The Washington Post: “It is no accident that many of the nation’s top universities hold their graduation ceremonies this month outdoors, in the designed landscape. Perhaps no other institution has embraced this ideal more than Swarthmore College, the small liberal arts college 10 miles southwest of Philadelphia … Created in 1929, the Scott Arboretum grants Swarthmore’s 1,500 students an academic life immersed in the plant kingdom.”
“Covering about 300 acres, it fuses three key elements: an arboretum of old and rare trees, a series of designed gardens around and among the college buildings, and a group of major plant collections that include magnolias, flowering cherries, hydrangeas and tree peonies. Add to that an adjoining 220-acre native hardwood forest — Crum Woods — and you reach the idea that if any place can take young and curious minds out of the digital universe and back into the physical world, it is here.”
“Sometimes, the gardens function as an outdoor classroom — exquisitely at the Science Center, where the outer wall of one building doubles as a chalkboard … Two gardens move front and center for this weekend’s commencement … The first is the Dean Bond Rose Garden … This Sunday, by tradition, approximately 350 graduating seniors will go to the garden, select a rose and have it pinned to their gown.
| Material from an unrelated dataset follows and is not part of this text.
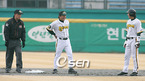 17일 2007 프로야구 시범경기가 수원 광주 마산 제주에서 일제히 열렸다. 수원에서 벌어진 현대 유니콘스와 두산 베어스의 경기 1회말 1사 1,2루 이숭용의 좌익수 플라이 때 1루주자 이택근이 2루를 지나쳐 1루로 백업할 때 2루를 안밟고 돌아와 아웃이 되자 이광근 코치가 웃고 있다./수원=손용호 기자spjj@osen.co.kr [Copyright...

They will then proceed to the commencement ceremony itself, which occurs in the Scott Outdoor Amphitheater … The tradition of commencement in this space is so strong that it is held rain or shine.”
John Beardsley, the director of garden and landscape studies at Harvard comments: “Clearly a campus is not necessary to learning — you can learn online — but you learn something else in a shared landscape space, which is about creating a sense of belonging.”